About 0.2 g each of the leaf, root, and shoot of all the (treated) and control (untreated) samples were finely cut and taken in mortar and pestle. About 2 mL of 0.5 M phosphate buffer was added to each sample to homogenize. Samples were collected from plants at regular intervals of 0, 24, 48, and 72 h and were used for analyses of oxidative stress (Overall Reactive Oxygen Species (ROS), Superoxide dismutase (SOD), and Catalase).

2.6.2. Overall Reactive Oxygen Species (ROS)

2′-7′dichlorofluorescin diacetate (DCFH-DA), a cell-permeable fluorescent dye that detects reactive oxygen species (ROS), was used to assess the total ROS generated in different treatment groups [30]. Samples from tomato plants (leaf, shoot, and root) treated with PS, HA, and PS + HA, prepared using the above-mentioned procedure, were mixed with 100 µL of (100 µM) DCFH-DA and incubated in a dark atmosphere for 30 min.

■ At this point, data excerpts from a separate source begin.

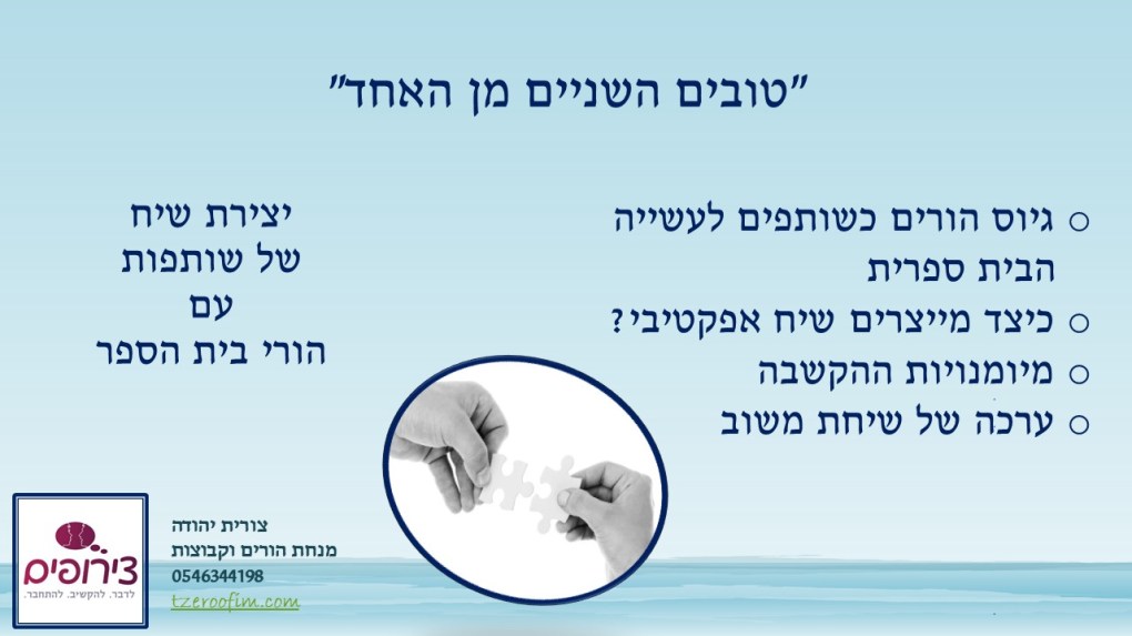 נושאים מרכזיים: כיצד מייצרים שיח אפקטיבי, מיומנויות הקשבה, ערכה של שיחת משוב.
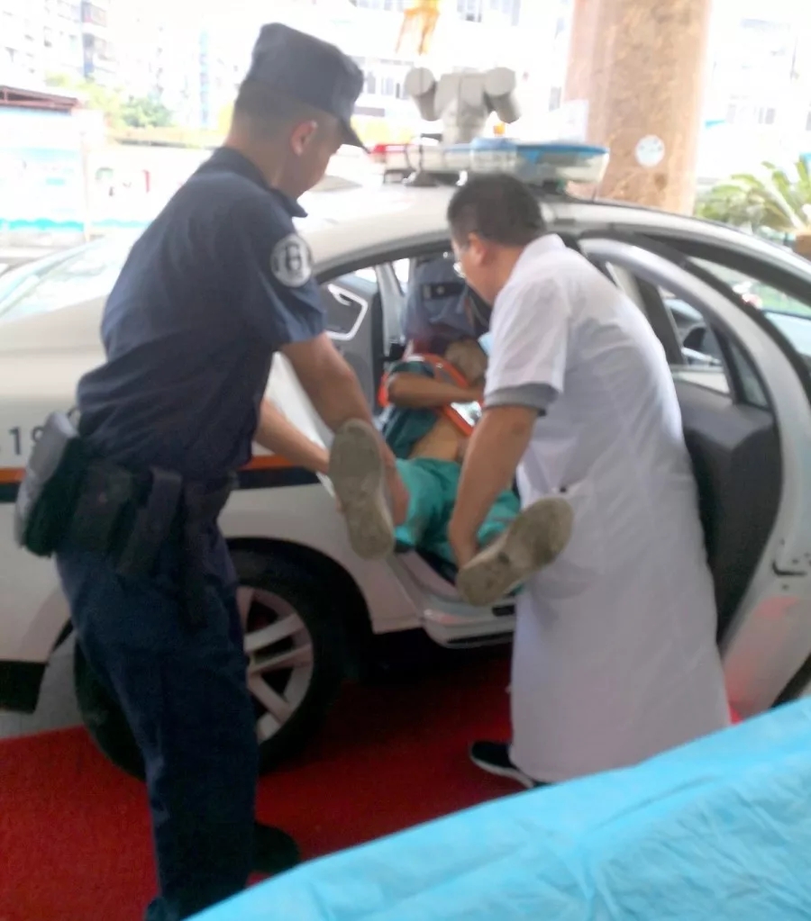 羅明星和交警隊(duì)員還有一名熱心群眾一起把這名環(huán)衛(wèi)工人抬上了警車。憑借著對轄區(qū)的了解,羅明星很快將他送到了最近的仁愛醫(yī)院。
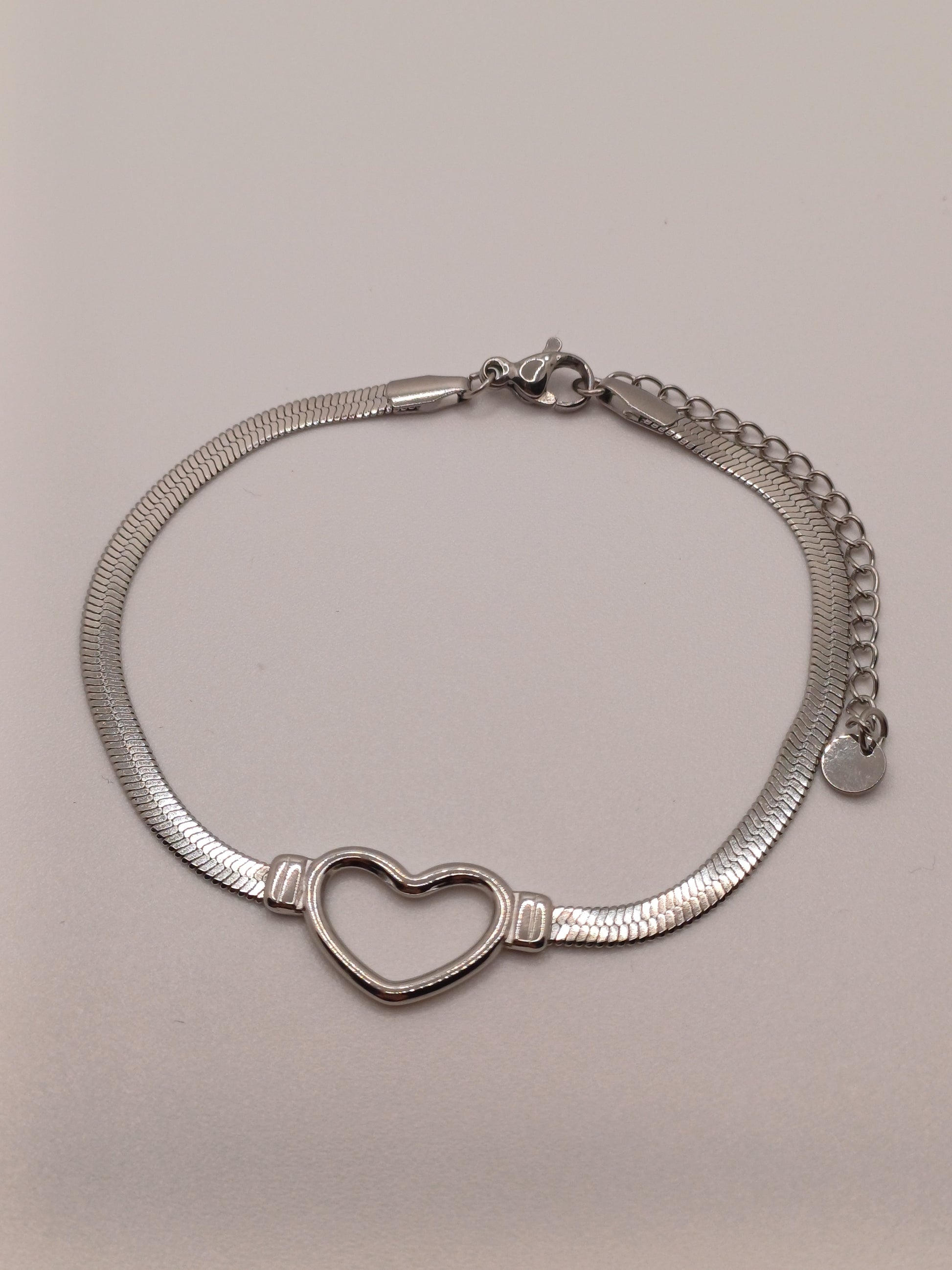 Bracciale snake in acciaio inossidabile silver con cuore

The fluorescence intensity of the samples was measured using a spectrofluorometer (Jasco FP-8300, Tokyo, Japan)) at an excitation and emission wavelength of 485 and 530 nm, respectively. The fluorescence spectrum results of all treated samples were compared with control samples.

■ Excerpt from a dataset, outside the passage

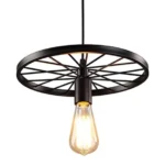 Crafted from durable, high-quality metal, the spoked wheel frame supports standard E27 bulbs, allowing you to choose warm or cool tones to match your aesthetic. Its adjustable hanging cord ensures versatile installation at various ceiling heights, giving you full control over the ambiance. This pendant light is both decorative and functional—perfect for homeowners, decorators and businesses seeking a unique lighting statement.
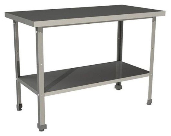 Производственный островной стол Restoinox СП-4/6-П-ЭН серии 600 предназначен для обработки продуктов питания, раскатки теста и хранения кухонного инвентаря, также для размещения малогабаритного оборудования на предприятиях общественного питания и торговли. Модель оснащена регулируемыми по высоте опорами и сплошной полкой. Ножки выполнены из уголка нержавеющей стали Aisi 430 40x40 мм, рабочая поверхность и полка - из нержавеющей стали Aisi 430, столешница усилена листом ЛДСП.

2.6.3. Superoxide Dismutase (SOD)

In this study, the function of superoxide dismutase in the leaf, shoot, and root of tomato plants was measured (leaf, shoot, and root) [31]. The test is based on the ability of superoxide dismutase to inhibit the interaction of superoxide and Nitro Blue Tetrazolium (NBT). Samples prepared as previously mentioned were centrifuged at 13,000× g rpm for 20 min and the supernatants were collected separately. A chemical concoction containing 50 mM of Na2CO3, 96 mM of NBT, 20 mM of hydroxylamine hydrochloride, and 0.6% of Triton X-100 was added to 100 µL of each supernatant and incubated in the UV zone at 37 °C for 20 min. The absorbance intensity of the samples was determined using UV-Visible spectroscopy at a wavelength of 560 nm (Hitachi, U-2910, Tokyo, Japan). The results were represented concerning control.

2.6.4. Catalase

Catalase activity was evaluated in the tomato plant (leaf, shoot, and root) using the protocol developed by Yilancioglu [32]. Samples prepared as previously mentioned were centrifuged at 13,000× g rpm for 20 min and supernatants were collected separately. About 2 mL of 10.8 mM H2O2 solution was added to 100 µL of each supernatant. The hardness of the phosphate buffer solution with H2O2 was used as a baseline template for this experiment. The absorbance intensity of the samples was determined using UV-visible spectroscopy at a wavelength of 560 nm (Hitachi, U-2910, Tokyo, Japan).

2.6.5. Statistics

All data were statistically analyzed using Graph Pad Prism (version. Number: 5.0) software (San Diego, CA, USA). GraphPad Prism was used to measure the difference between the control and the other NPs-interacted samples, as well as the discrepancy between polystyrene (nanoplastic), humic acid, and polystyrene-humic acid combos. Two-way ANOVA was performed for statistical comparisons of data. p values less than 0.05 were considered to be statistically significant. All data represented are the standard error of the mean (S.E.M.) of at least three independent experiments in triplicate.

3. Results

3.1. Characterization Study

3.1.1. Particle Size

PS particle had a diameter of 149.5 nm, and the PS + HA complex was 168.3 nm respectively, and the difference between PS and PS + HA is 18.8 while the size of the PS particle is increasing as it combines with HA. The z-potential value of PS and PS + HA was observed to be 11.7 mV, and −41.9 mV, respectively (Table 1).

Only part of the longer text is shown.